We already remember his dream, since, thinking to find being in it, we had encouraged trace matter to beam it up to him where he lay hoping to window what would come, until, like queer turns of coast weather, we found we had
been
the trace but knew this only after we had passed from it to being its effects so much less bodied we hardly recalled tracehood except the glow so red-orange in the cold, cold ground it might have been a heart.

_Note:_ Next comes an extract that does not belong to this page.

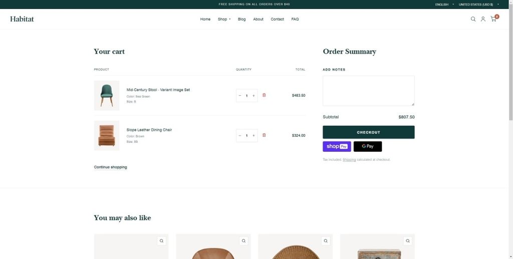 Shop page example
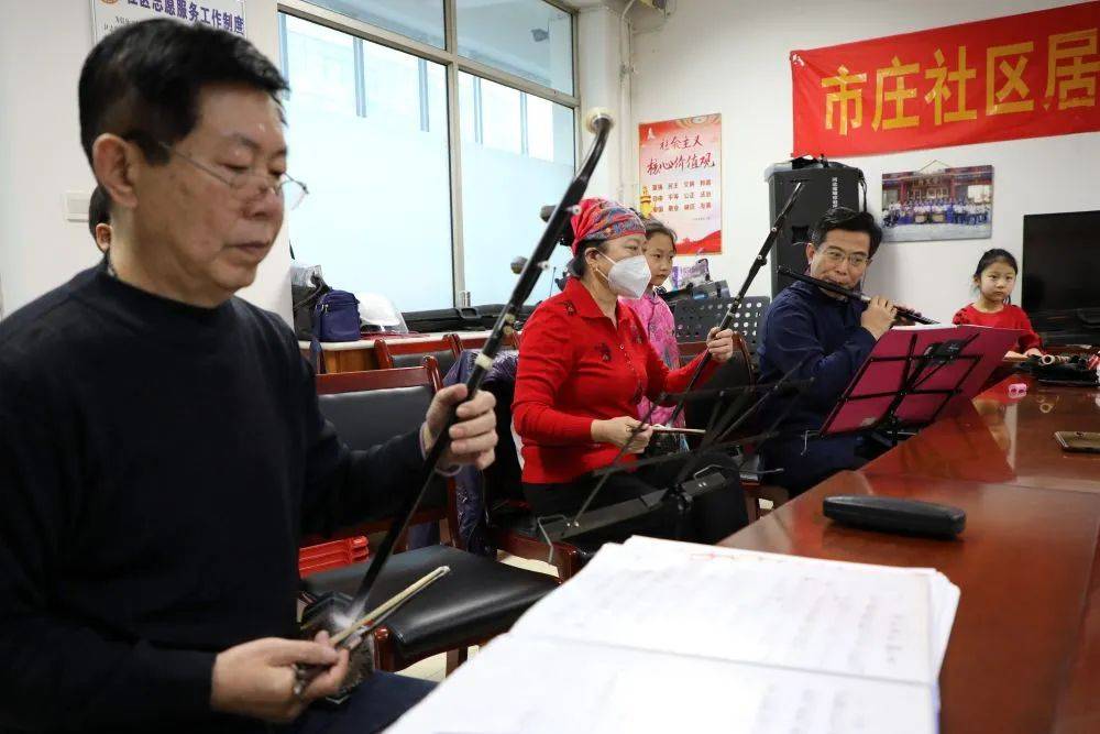 ↑1月9日,在石家庄市市庄社区居委会群众活动中心,音乐家张勇(右二)在指导文艺爱好者练习民乐演奏。新华社记者 骆学峰 摄

He was coming across the Windrow burial ground, he knew he had come as fast as the wind and he had not actually passed all the places between the Statue and here. He could see himself by the misty force of a Moon that was turned mostly to another world and gave this one tonight only its doubts. He kneaded the vermilion clay in his pocket. Her ancestors lay here and he knew the place was by a field on the far side with a short hedge on the field side and two maple trees on either side of the family stone, with small stone markers also here. And so he found the place and smelled the recent turn of earth against iron and found this trace of digging a few feet apart from a stone whose name his fingertips and eyes read to be that of Margaret’s mother who had taken to her early-hastened grave secrets in letters known to have come to her—confiding in her—from a great man in Washington who "lost nothing save honor," Margaret once said, when he sold railroad bonds to friends in Maine, where even now the Anasazi healer might have arrived and found what he had voyaged the continent to see. The pistol was as warm in his other pocket as the lost bison cells had been precious. He wanted to be with the Anasazi seeking those small famed foam volcanoes that form below waterfalls when it has warmed up and then gets cold again, towers like buildings, though two or three feet tall only. The Hermit-Inventor had doubted such existed, but the Prince had wondered if the Anasazi needed to go so far to find them. He heard pressures upon the ground at a distance and knew the dead do not walk and he crouched to the place that had been dug, and his hands felt the shape of his child there in the New Jersey soil. He felt the pistol again and remembered the Anasazi saying he would give it to the right person when the time came if he had patience. The pistol was outside him and he outside it; but long time had entered him, he knew his people were thinking of him as best they could, and he recalled what Margaret had liked best in him, his way of thinking about objects they would contemplate together and after a long time he would say what they made him feel. But there was a thing in him she had said she did not like, and she scarcely told him what it was, it didn’t matter because she loved him, yet it
would
matter. He saw the figure nearer, and felt the steps in his very fingers, and it was not Margaret coming across the burial ground but a person he knew as well as the thousands-of-years-past people he had seen join into one, descending from the north straits toward better country. But the long time that had entered the Prince was now new, it was not back in time but forward but as if not so far ahead in time from that old Bering Strait crossing that it passed beyond this moment: as if nothing strange should happen to him.